The Viability of Burying a Bad Bat

by Russell A. Carleton


Team captain and 39-year-old farewell tour participant Derek Jeter is currently the starting shortstop for the New York Yankees. That is the way of things and has been since I was in high school. But the Yankees also have Brendan Ryan on their roster. Ryan is a noted defensive wizard while Jeter is [must…not…make…Jeter fielding joke]. However, Ryan “hit” only .197/.255/.273 last year in 349 plate appearances. Is there a case to be made for Ryan as the starting shortstop based on his defensive prowess? Keep in mind that the Yankees could bury Ryan in the batting order to limit his exposure, move the ever-under-appreciated Brett Gardner up to the two-spot, pinch hit for Ryan late in the game, and enjoy that sweet glove for eight innings a night. Is that enough to overtake De-rek Je-ter?

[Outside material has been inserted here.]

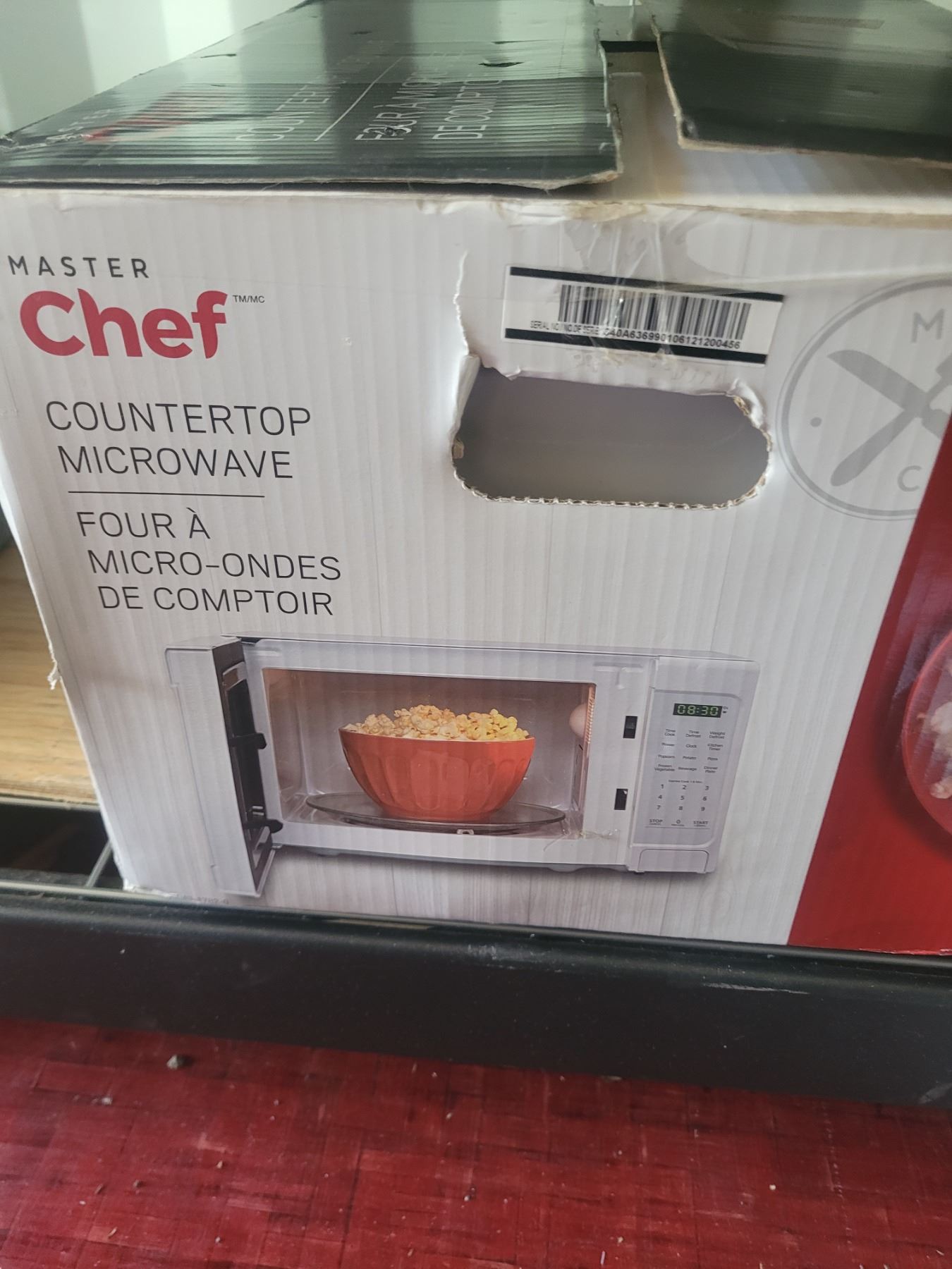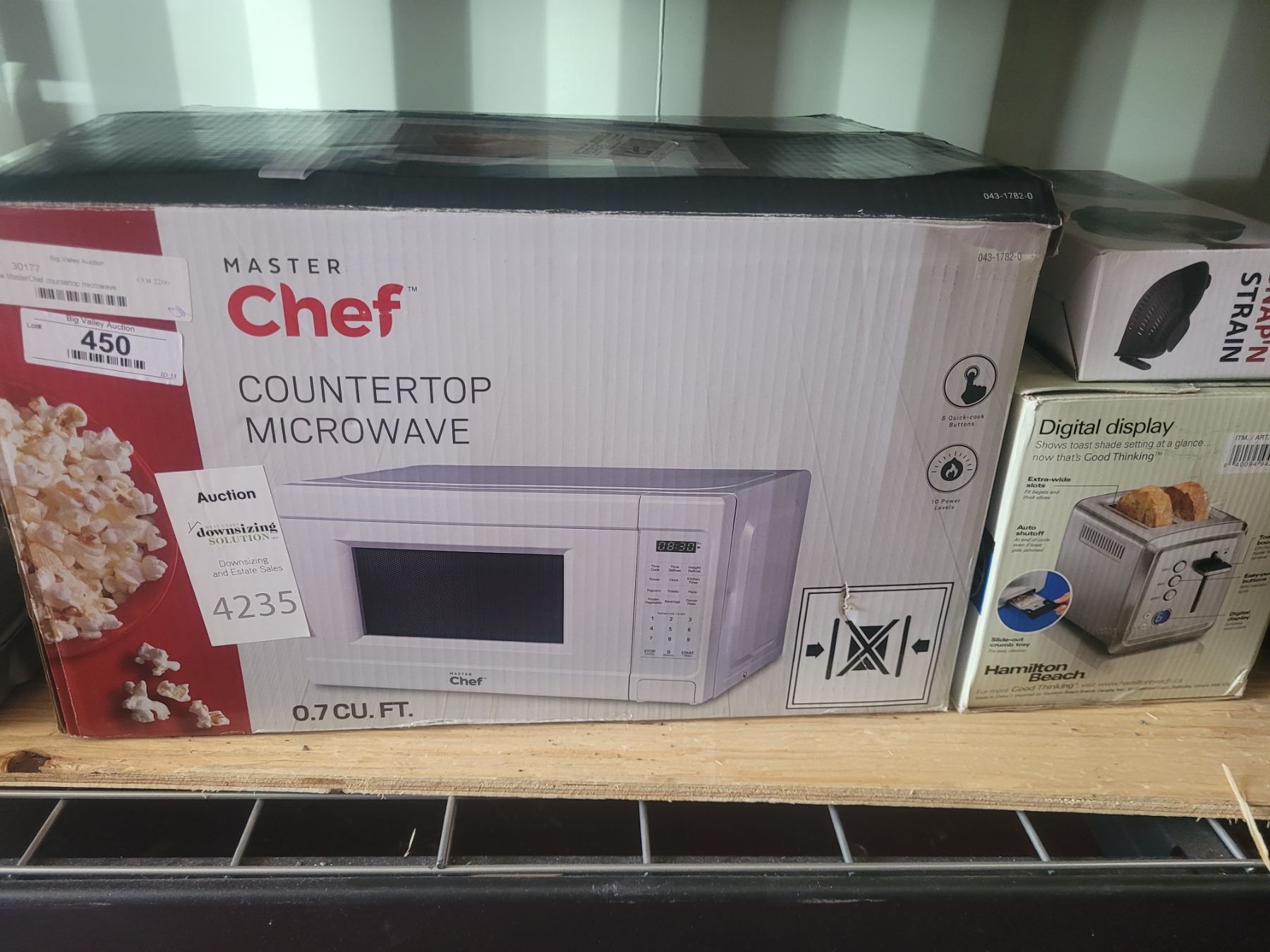 New in box Master Chef microwave oven, New, Hamilton Beach toaster and Snap & Strain.untested Pickup at 10 am
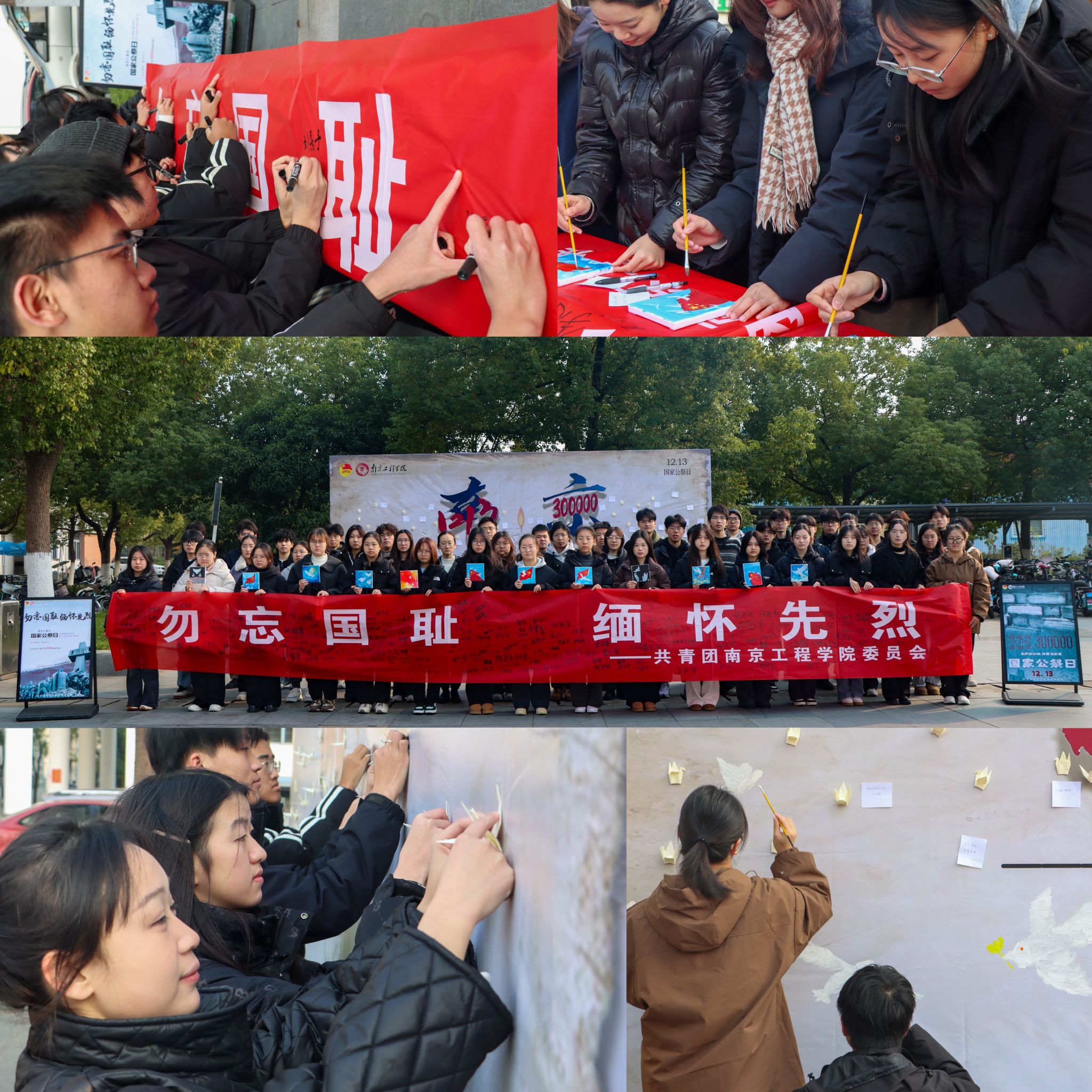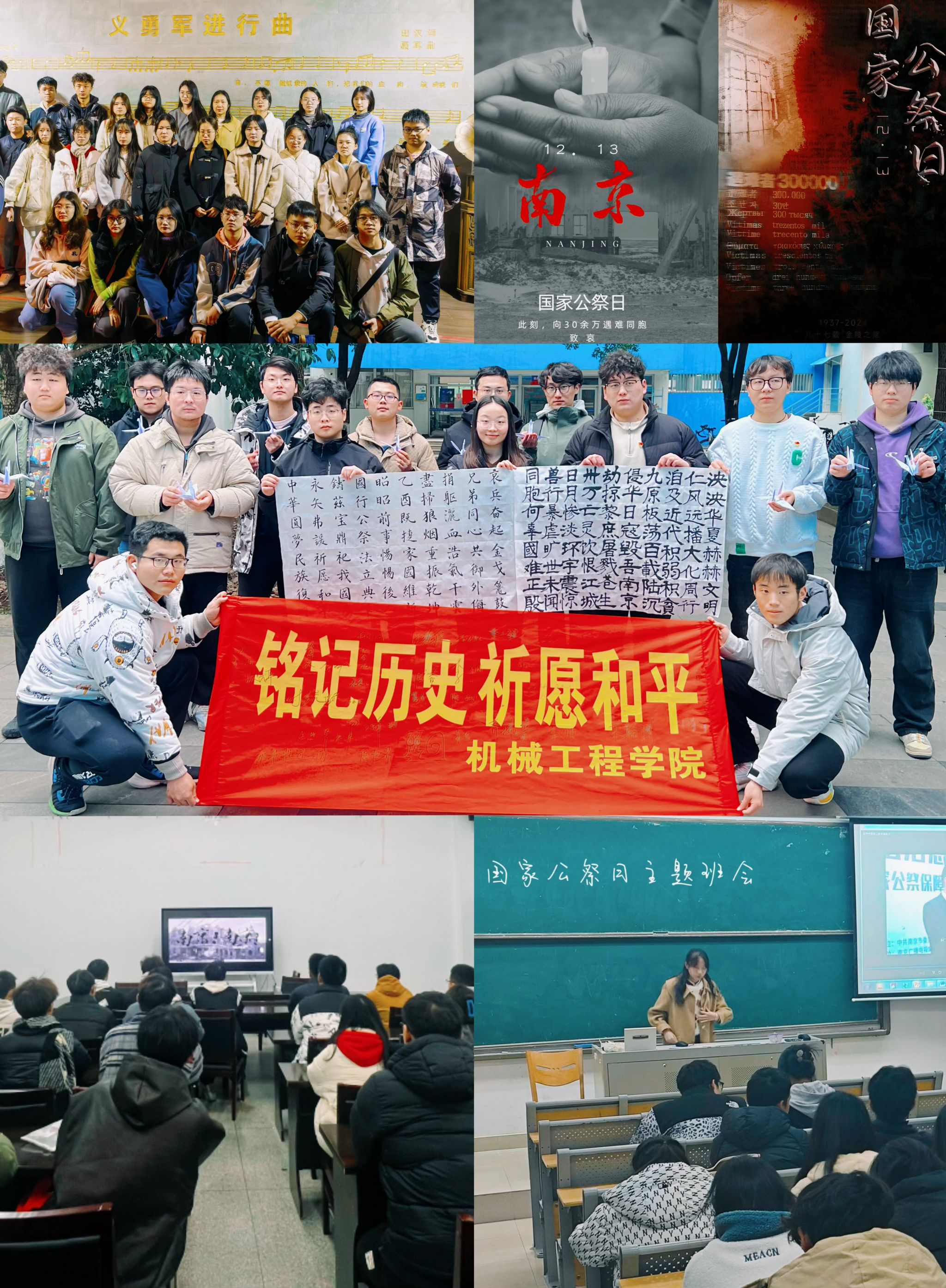 此外,学校通过官方微信发布主题推送,号召全体南工程人为遇难同胞哀悼。各学院也相继开展主题班会、参观南京民间抗日战争博物馆、公益海报设计、红色观影等活动,为广大青年学子上了一堂生动的爱国主义课,起到了良好的教育效果。

Let’s go one step further and assume that Jeter will return to his 2011 and 2012 form. In those years, he was worth 1.4 and 3.0 Wins Above Replacement Player, respectively. Ryan, in those same years, was worth 3.5 and 1.9 wins, based mostly on his stellar defense. Thanks to Jeter’s injuries and Ryan’s offensive nosedive, the two checked in at roughly replacement level last season. Even discounting Ryan’s expectations a bit, could we not make the case that while they have two very different skillsets, they are at least in the same ZIP code when it comes to overall value?

Okay, so the Yankees aren’t actually going to bench Captain America in favor of Brendan Ryan, but the Yankees aren’t the only team facing this sort of a decision. This is a classic bat vs. glove positional battle. The Dodgers seem confused about whether to play Alexander Guerrero at second base, despite the fact that he does not appear to own a glove. Their other option is to play some utility type there who has a decent glove, but not much of a bat. Michael Morse and Gregor Blanco have a similar dynamic going in San Francisco.

What’s the cost of carrying a starter who can’t hit? It’s true that a team really can bury him in the nine-hole if they want. But what if a team tried carrying two of these players? Three?

It’s only in the last decade that advanced defensive metrics have been publicly available to give us a full understanding of how much defense matters. With the implementation of WAR(P), it’s become easier to roll both defensive and offensive numbers into one uber-metric. Now we can directly compare players with very different skillsets against a common baseline, although there is a weakness in WAR(P) for which we need to account. The offensive component in WAR(P) is generally based on the idea that each event that a player generates has a certain run value (e.g., a home run is worth roughly 1.4 runs). The idea is that we pretend that all players live on “average teams” and that they always bat in “average situations,” with an average number of runners on base. Home runs are worth more when there are runners on, and some teams employ hitters who are better at getting on base than others. For WAR(P), where the goal is to create a context-neutral common baseline to use for comparison, pretending that everything is average is a feature. But for teams making decisions about their specific circumstances, it’s a bug.

Consider our Jeter vs. Ryan debate. Let’s return to the halcyon days of 2012, before Jeter hurt his ankle (and before Brendan Ryan was a member of the Yankees), when he posted a line of .316/.362/.429. In 2012, Ryan put up a slash line of .194/.277/.278. Had Ryan been a member of the Yankees and their only option at short, he would have been hitting ninth, meaning that other hitters would have been moved up higher in the batting order out of necessity. Not only that, but Ryan’s general aversion to getting on base would have meant that there would have been fewer runners on when the lineup flipped over.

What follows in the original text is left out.